Pandemic alias fatal Coronavirus (COVID-19) and now its more dreadful variant called Omicron, which has been spreading its tentacles globally, has not only taken a heavy toll on the precious human resources but has also devastated the economy of every country since its apocalyptic prowl on our lively planet since the advent of the dawn of 2020.
In the wake of the gradual unlocking of the worldwide lockdown phase-wise by the respective nations (as warranted individually), the economy (that had got ripped apart and ravished) has reportedly been observed to be on a recovering mode, but sluggishly.
In pursuance of their research and observations made, the world economists in their remarks have reportedly stated that the economic recovery chiefly of the Association of South-East Asian Nations [ASEAN] (Indonesia, Malaysia, Thailand, Philippines and Singapore) has reportedly exhibited an optimistic note despite the bleak picture in reality, on the contrary, by the midst of the current year of 2021.
As per the reports, the global economic growth was projected at 5.5 per cent in January this year, while ASEAN’s GDP (Gross Domestic Product) growth was projected at 5.2 per cent. On the other hand, the ASEAN’s GDP growth projection of last year (2020) was reportedly registered to be minus 3.7 per cent.
Moreover, the GDP growth of the ASEAN for the coming year of 2022 has also reportedly been projected to be 6 per cent. It is all due to the invention of various vaccines against the dreadful virus and the mass vaccination drive that is still underway globally. Besides, the unprecedented lockdown situation has improved with the gradual reinstatement of the so-called normal state of affairs.
Following the blanket ban imposed on international flights and sealing of the international borders to scuttle the COVID-19 vulnerable footfalls, the ASEAN tourism industry suffered a severe setback as everything resulted in a grinding halt.
Needless to mention about the other key growth generating sectors as both the workforce and the routine business transactions at the respective workplaces got hit hard due to the lockdown and stringent pandemic protocols.
While millions of the job-holders were rendered jobless and had to lose their livelihood, the lucky lot of work-from-home genre could somehow manage to sustain their hand-to-mouth sustenance.
Nevertheless, the overall economy, be it national or per capita income, got relegated to a literal state of doldrums.
With the so-called normalcy limping back at present, a fresh lease of life is being pumped into the tourism industry due to the holiday season since the festive occasions of Dusshera, Diwali, Kali Puja and the ongoing holiday season.
Notwithstanding that, the expected economic recovery is below expectations and sluggish.
The same is the fate of international trade. Last year due to the whole lockdown situation and ban on the international flights and freight movements, this is another key sector that has also been adversely affected.

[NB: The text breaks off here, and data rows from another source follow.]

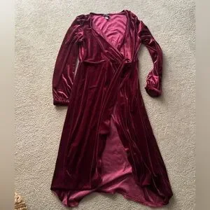 Luxurious velvet wrap robe in a deep burgundy hue. Long sleeves with a wrap tie for an adjustable fit. Soft, drapey fabric with elegant sheen. Versatile piece for lounging or casual wear.
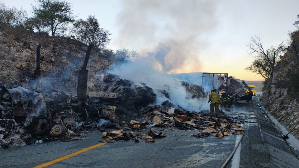 Los reportes oficiales indican que el accidente se originó cuando un tráiler con caja seca, que circulaba con dirección a Nuevo Laredo, intentó rebasar a otra unidad, maniobra que derivó en un impacto frontal contra un tráiler de doble remolque que transportaba cartón.
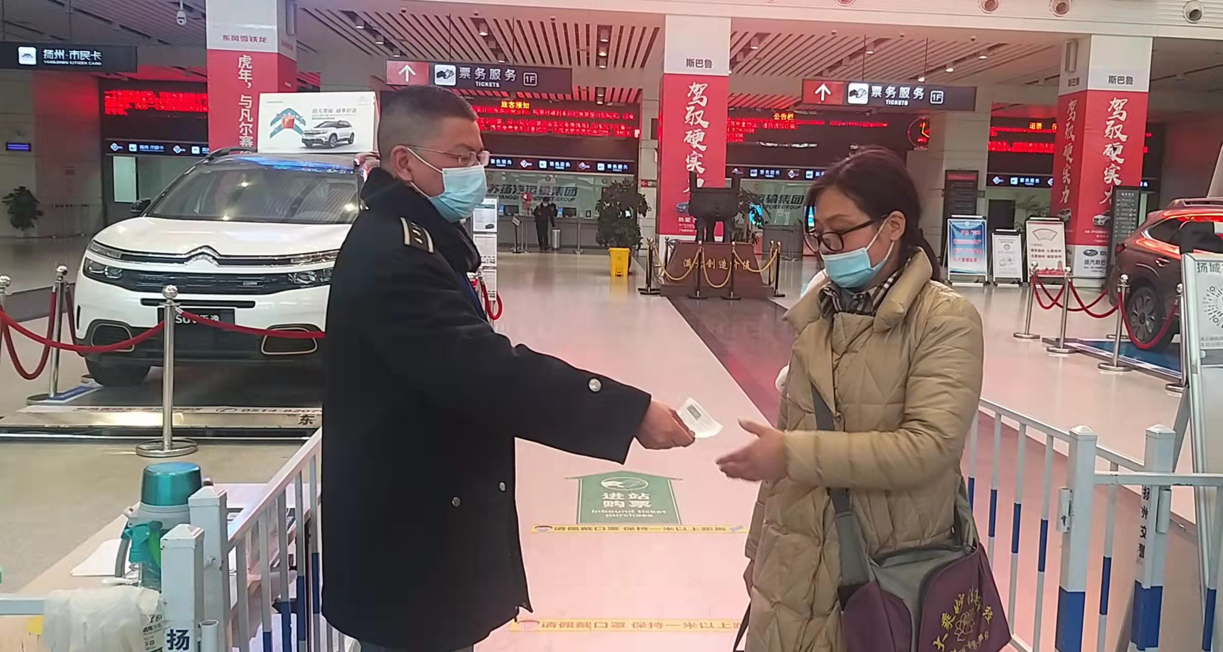 1月21日下午,揚(yáng)州汽車客運(yùn)站一樓大廳來了一對(duì)母女,倆人看上去有些異常,母親看上去精神狀態(tài)比較差,女兒衣服渾身上下臟兮兮的,一進(jìn)大廳,就焦急的詢問工作人員:“我票買錯(cuò)了,今天回不了家,怎么辦?”
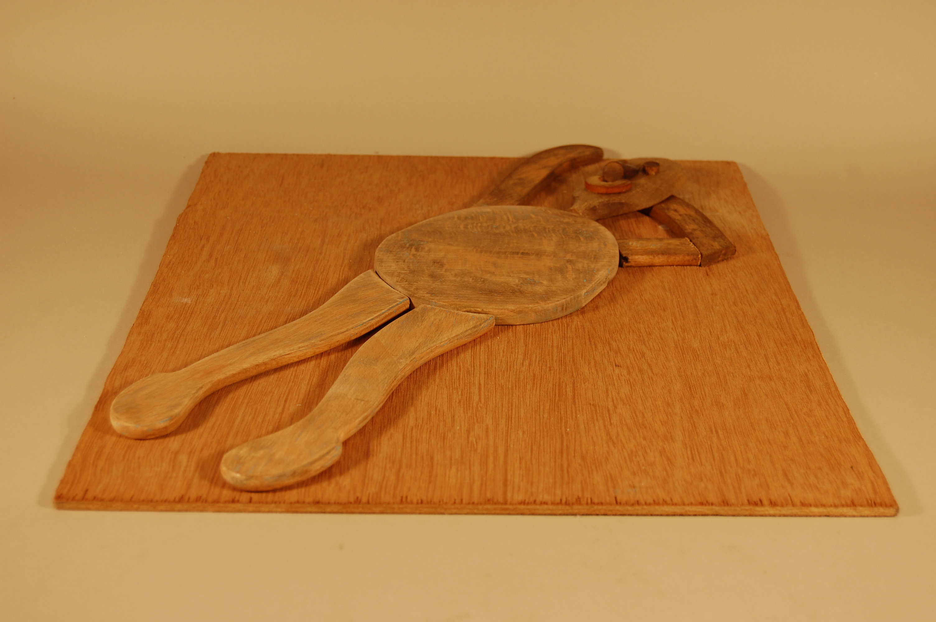 Description: The form of a reclined man is attached to a thin, wooden board. The man’s head and neck are represented with the bowl and neck of a wooden spoon. His facial features are made from small, wooden forms. Two wooden pegs represent his eyes, a cylindrical wooden form with a light red stain is inserted diagonally into his face to represent his nose, and a half doughnut-shape with a light red stain represents his smile. His torso is made from an egg shaped cutout of wood with remnants of a light blue stain. His limbs are made from wooden hangers. One side of a hanger forms each leg, and the tip of each hanger forms a foot. His arms are made from similar parts of smaller wooden hangers. His right arm extends parallel to his head, while the hanger representing his left arm is broken in half, representing a bent arm that is allowing his hand to rest behind his head.
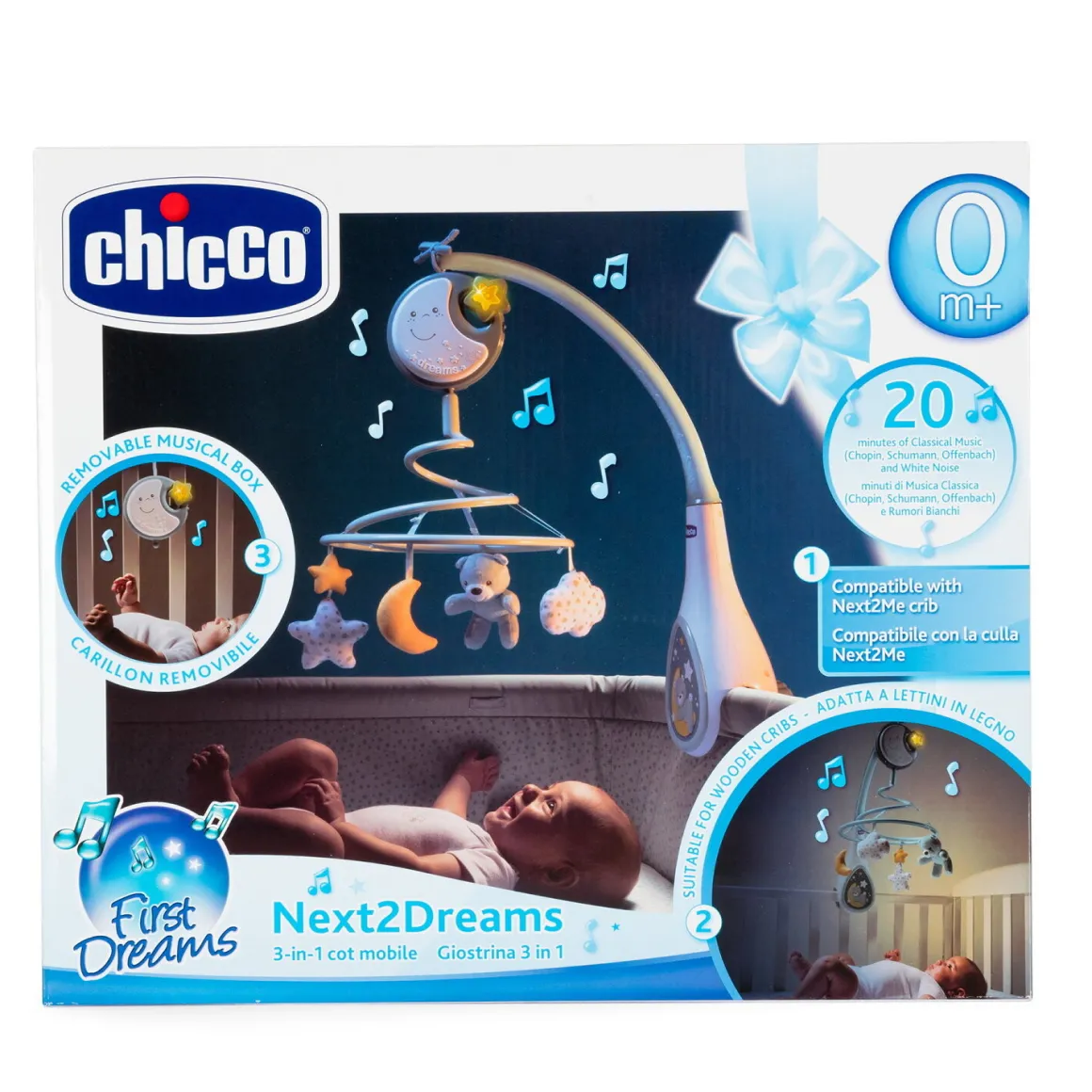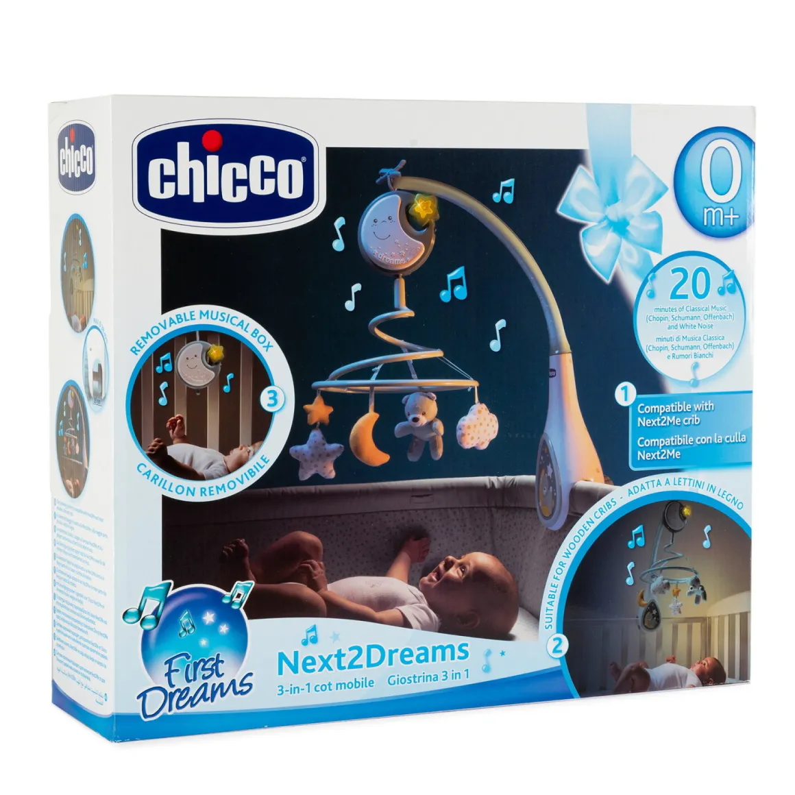 Next2Dreams di Chicco è l’alleato del sonno di ogni bambino, una giostrina musicale con luci e morbidi pendenti da portare sempre con te, anche in viaggio.
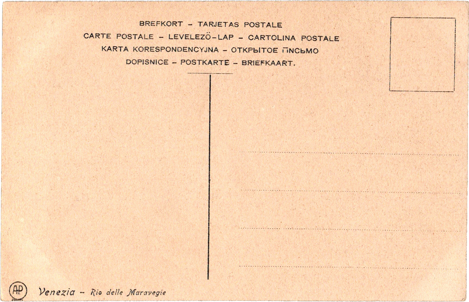 Rio delle Maravegie, Venezia, Italy Venezia – Rio delle Maravegie Estimated Date: Apr 1907 Location: Venice, Venezia, Italy Publisher #: None
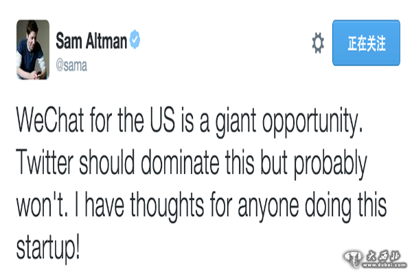 “对于美国,微信将是一个巨大的机会。Twitter 本能主导这件事但它们很可能不行了。你们任何人想做此类创业公司,我有一些想法!”
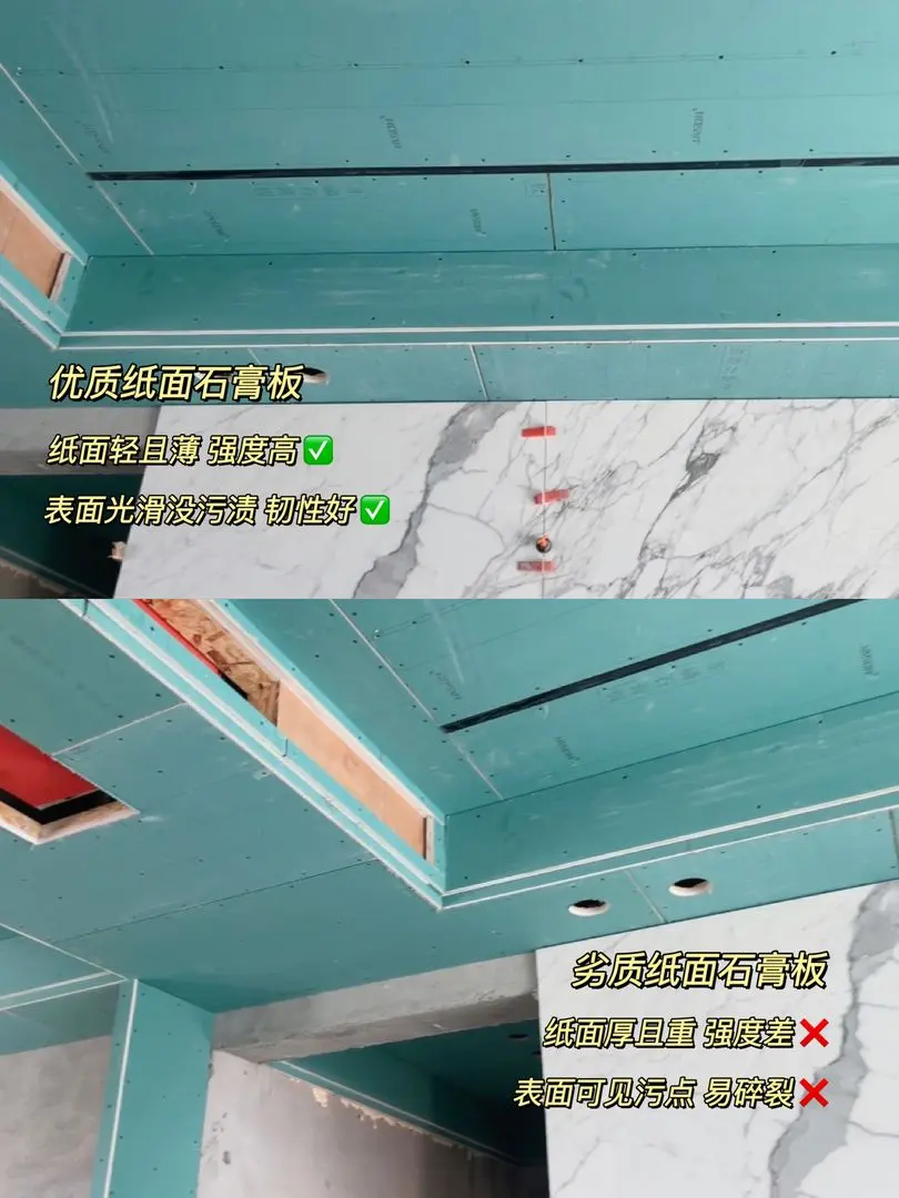 用壁纸刀在石膏板的表面画一个“×〞,在交叉的地方撕开表面,优质的纸层不会脱离石膏芯,而劣质的纸层可以撕下来,使石膏芯暴露出来⁉️
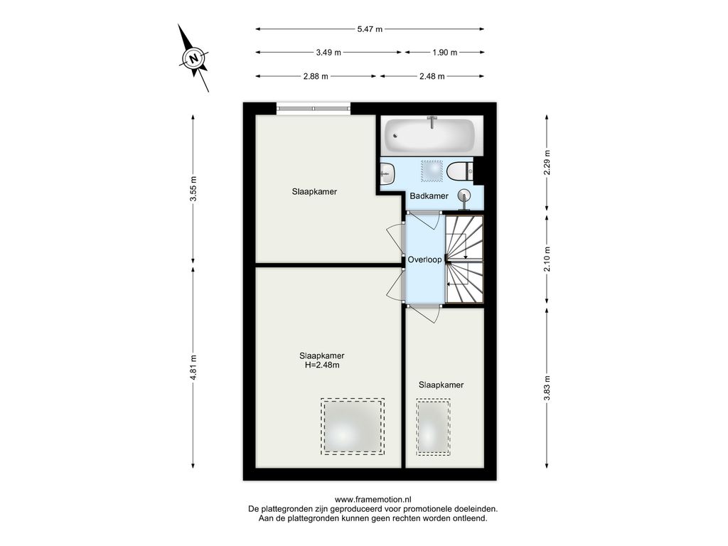 Slaapkamer 3, aan de voorzijde, met veel lichtinval

Even though international trade resumed in the wake of the gradually unlocked scenario, the previous pace of trade affairs is yet to be restored with the recurring pandemic situation from time to time in various countries.
In addition, the usual supply chains of a slew of merchandise have also been immensely impacted as the international trade practice and domestic production has been disrupted.
Reports said that the grim condition had got bettered up somehow in October last year (2020), yet another pandemic wave that swept with a vengeance again further handicapped the picking-up economic condition during March, April and May this year. The hangover reportedly lingered till August.
Thus, the imports and exports of the manufactured products and raw materials since October last year could not be transacted. The money matters got hit hard yet again in the ASEAN regions, let alone the other south-Asian countries like India and neighbouring nations.
Pertinent to note that Vietnam, Thailand and Malaysia are reportedly deemed the core manufacturing hub of southeast Asia.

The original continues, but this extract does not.